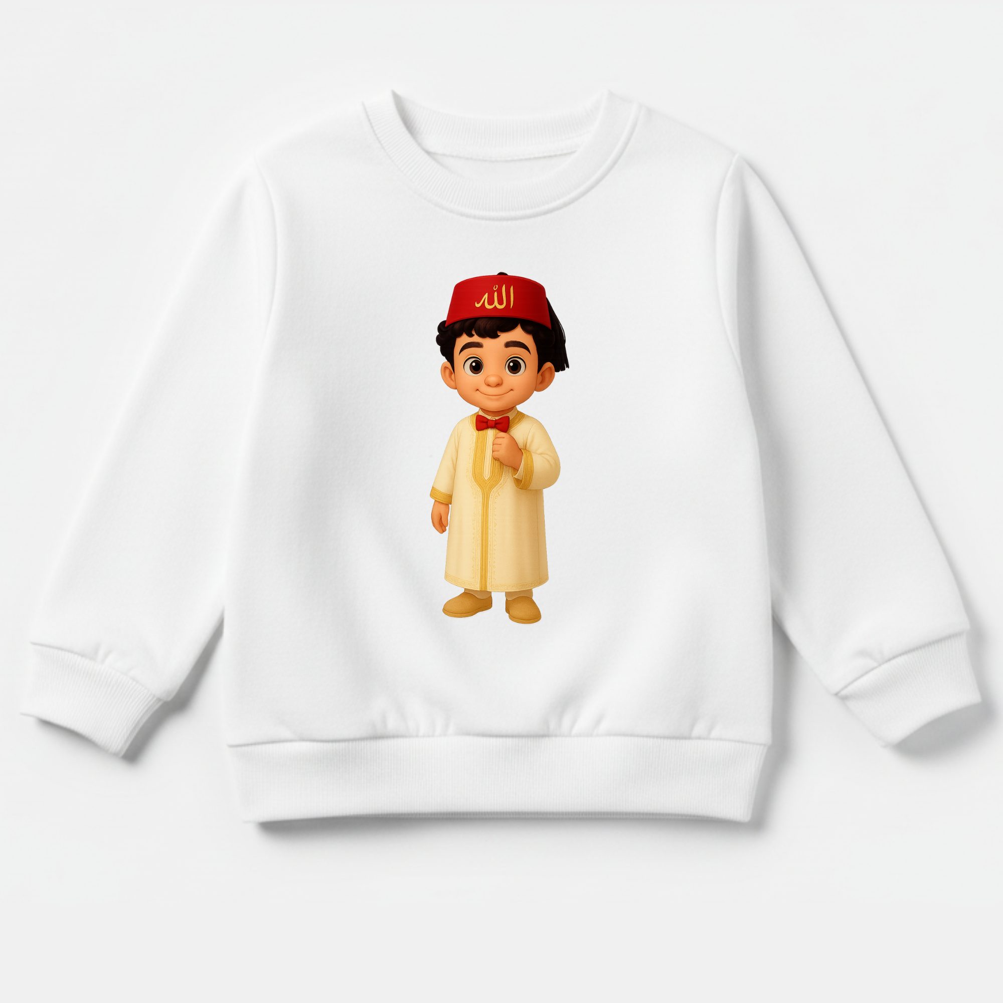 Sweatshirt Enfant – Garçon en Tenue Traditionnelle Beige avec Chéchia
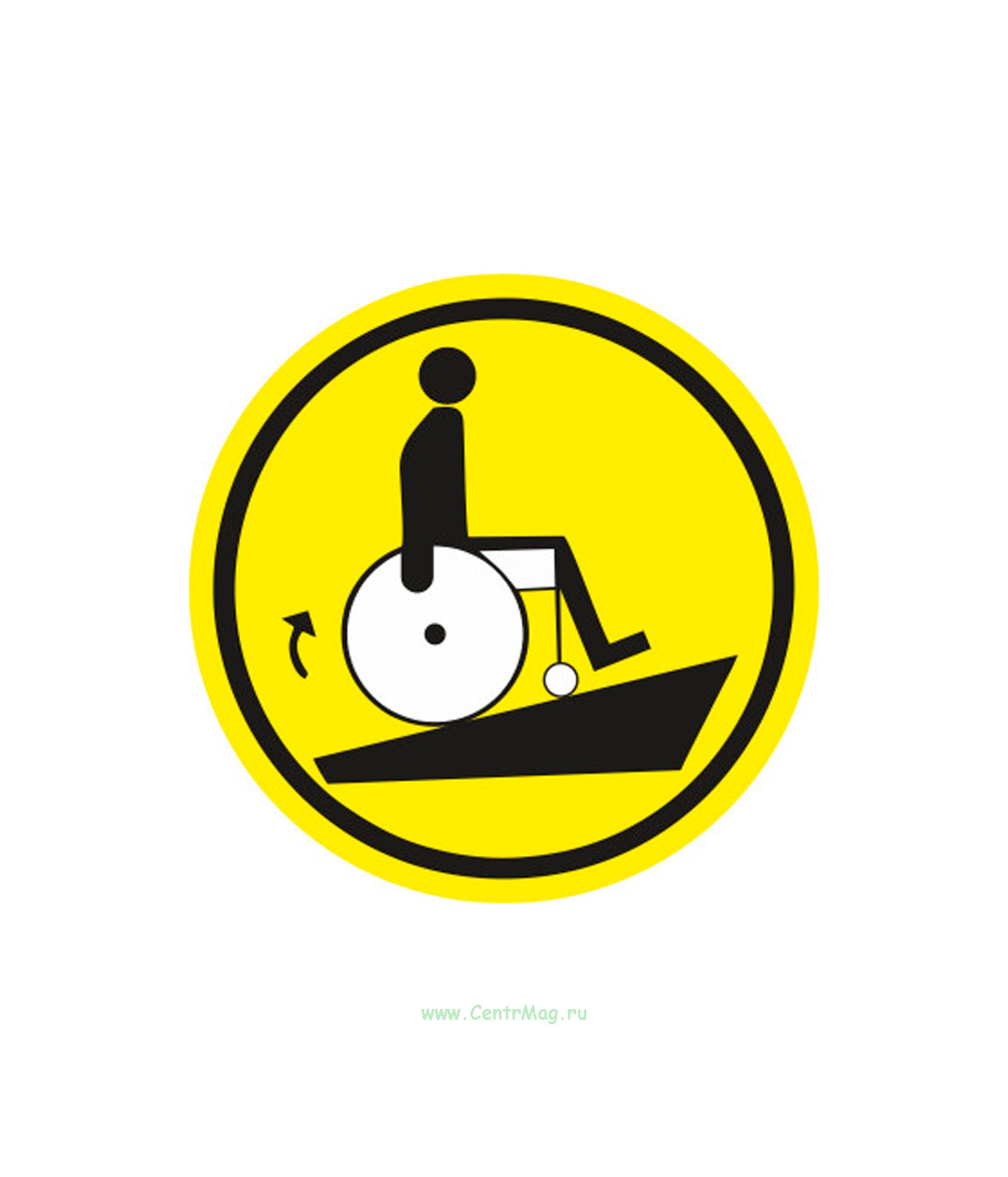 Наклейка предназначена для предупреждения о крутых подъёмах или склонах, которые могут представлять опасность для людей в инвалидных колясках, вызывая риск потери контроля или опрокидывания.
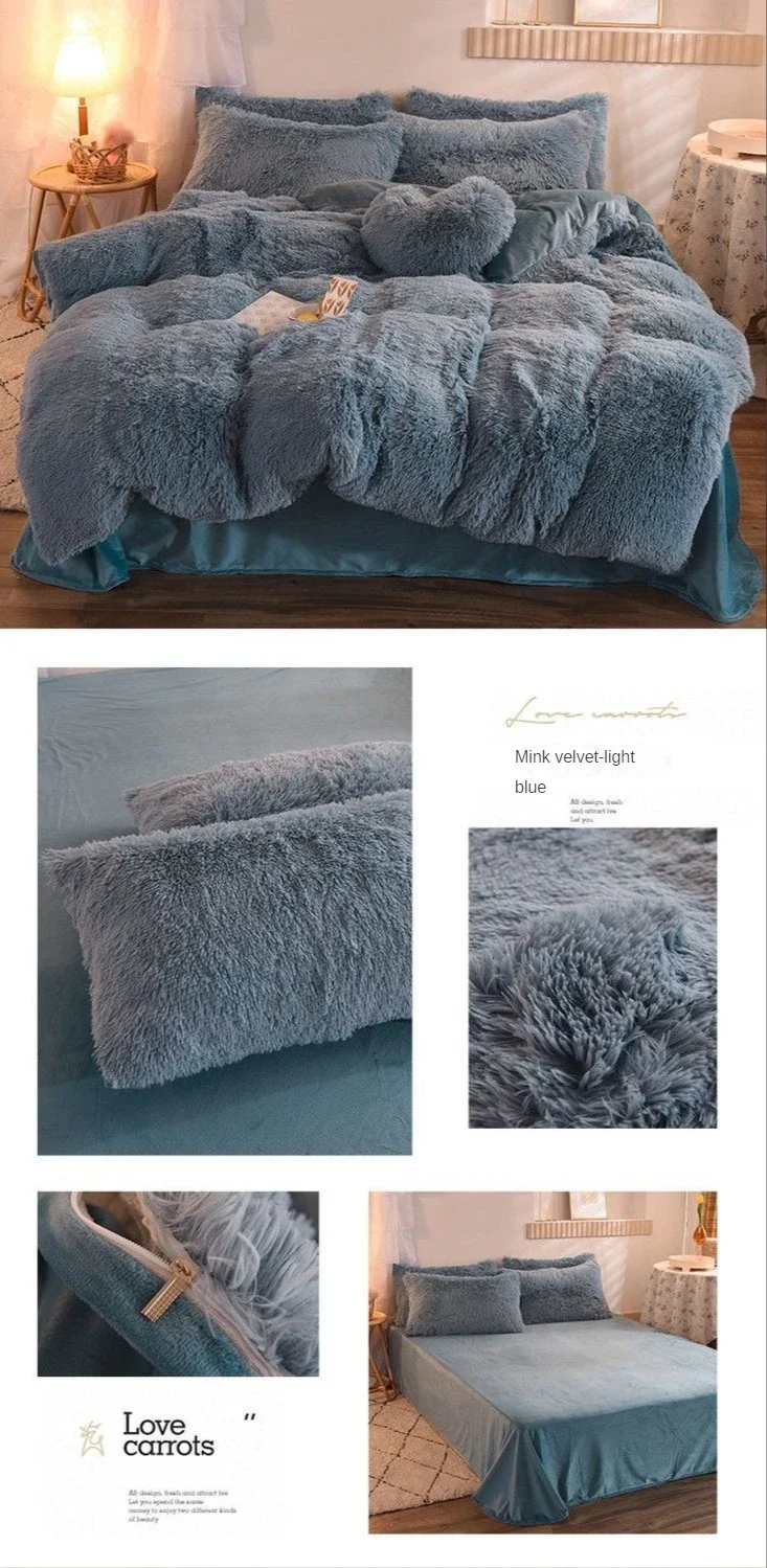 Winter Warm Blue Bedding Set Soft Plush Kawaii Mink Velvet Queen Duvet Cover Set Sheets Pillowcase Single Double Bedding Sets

____

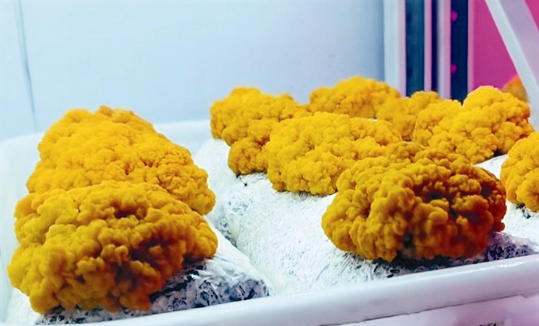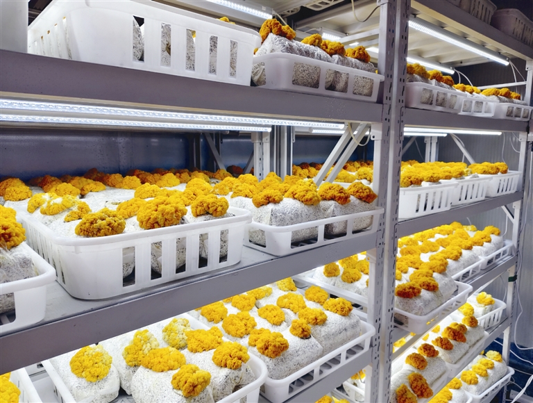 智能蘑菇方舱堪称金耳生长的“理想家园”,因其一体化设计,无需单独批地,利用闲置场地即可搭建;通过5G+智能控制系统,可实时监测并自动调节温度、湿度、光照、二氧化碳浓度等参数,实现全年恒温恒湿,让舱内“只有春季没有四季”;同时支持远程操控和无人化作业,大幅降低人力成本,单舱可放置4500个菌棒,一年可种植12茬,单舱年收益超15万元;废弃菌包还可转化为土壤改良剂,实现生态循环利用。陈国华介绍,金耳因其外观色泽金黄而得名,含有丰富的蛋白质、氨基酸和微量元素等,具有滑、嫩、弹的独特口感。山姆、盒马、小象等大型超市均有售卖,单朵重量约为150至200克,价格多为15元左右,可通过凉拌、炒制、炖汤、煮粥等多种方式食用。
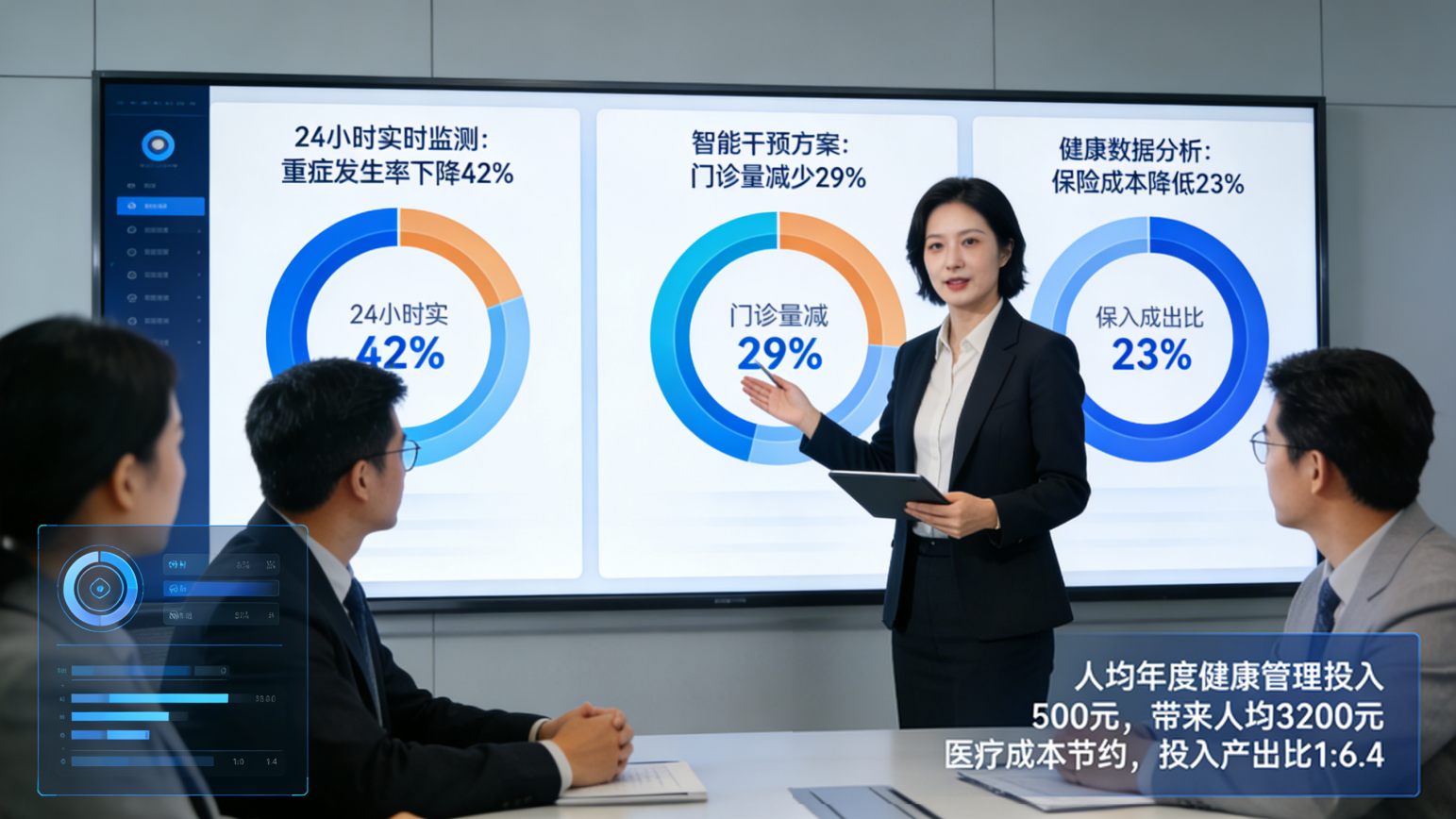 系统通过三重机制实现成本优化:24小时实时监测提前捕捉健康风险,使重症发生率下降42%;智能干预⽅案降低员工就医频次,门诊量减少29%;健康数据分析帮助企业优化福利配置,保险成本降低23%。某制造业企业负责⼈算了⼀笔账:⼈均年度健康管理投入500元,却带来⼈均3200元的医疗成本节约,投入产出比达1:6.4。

____

TASK REQUIREMENTS.
Beginning at the line above that contains "Sweatshirt Enfant –", repeat each line exactly through the one that contains "Winter Warm Blue", and leave out the pictures.

ANSWER AREA.
 Sweatshirt Enfant – Garçon en Tenue Traditionnelle Beige avec Chéchia
 Наклейка предназначена для предупреждения о крутых подъёмах или склонах, которые могут представлять опасность для людей в инвалидных колясках, вызывая риск потери контроля или опрокидывания.
 Winter Warm Blue Bedding Set Soft Plush Kawaii Mink Velvet Queen Duvet Cover Set Sheets Pillowcase Single Double Bedding Sets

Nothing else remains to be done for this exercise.